BRIEF
Reproduce the listing below from the line with "Welcome to The" to the line with "Este colchón hinchable", both lines included, character for character, minus any pictures.

MATERIAL SUPPLIED
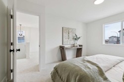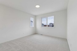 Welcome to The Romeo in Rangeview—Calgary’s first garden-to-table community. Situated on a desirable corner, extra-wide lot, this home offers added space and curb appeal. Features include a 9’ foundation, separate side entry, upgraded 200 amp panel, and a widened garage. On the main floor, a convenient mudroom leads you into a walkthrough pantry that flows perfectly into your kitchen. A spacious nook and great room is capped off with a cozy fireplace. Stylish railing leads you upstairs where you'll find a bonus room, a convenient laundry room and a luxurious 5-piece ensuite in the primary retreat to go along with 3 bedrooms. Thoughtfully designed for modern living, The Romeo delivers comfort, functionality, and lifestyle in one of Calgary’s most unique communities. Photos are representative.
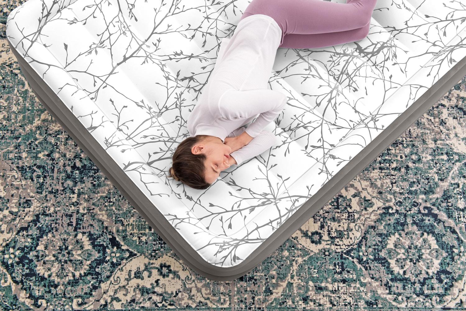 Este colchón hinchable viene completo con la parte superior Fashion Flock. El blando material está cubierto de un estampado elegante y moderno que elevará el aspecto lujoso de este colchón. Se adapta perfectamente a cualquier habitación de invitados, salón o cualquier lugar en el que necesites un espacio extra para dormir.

* * *

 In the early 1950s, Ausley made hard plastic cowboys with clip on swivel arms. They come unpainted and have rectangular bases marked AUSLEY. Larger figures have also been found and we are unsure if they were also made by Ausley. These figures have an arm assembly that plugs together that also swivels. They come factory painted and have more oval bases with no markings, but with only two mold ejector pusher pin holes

EXERCISE OUTPUT
 Welcome to The Romeo in Rangeview—Calgary’s first garden-to-table community. Situated on a desirable corner, extra-wide lot, this home offers added space and curb appeal. Features include a 9’ foundation, separate side entry, upgraded 200 amp panel, and a widened garage. On the main floor, a convenient mudroom leads you into a walkthrough pantry that flows perfectly into your kitchen. A spacious nook and great room is capped off with a cozy fireplace. Stylish railing leads you upstairs where you'll find a bonus room, a convenient laundry room and a luxurious 5-piece ensuite in the primary retreat to go along with 3 bedrooms. Thoughtfully designed for modern living, The Romeo delivers comfort, functionality, and lifestyle in one of Calgary’s most unique communities. Photos are representative.
 Este colchón hinchable viene completo con la parte superior Fashion Flock. El blando material está cubierto de un estampado elegante y moderno que elevará el aspecto lujoso de este colchón. Se adapta perfectamente a cualquier habitación de invitados, salón o cualquier lugar en el que necesites un espacio extra para dormir.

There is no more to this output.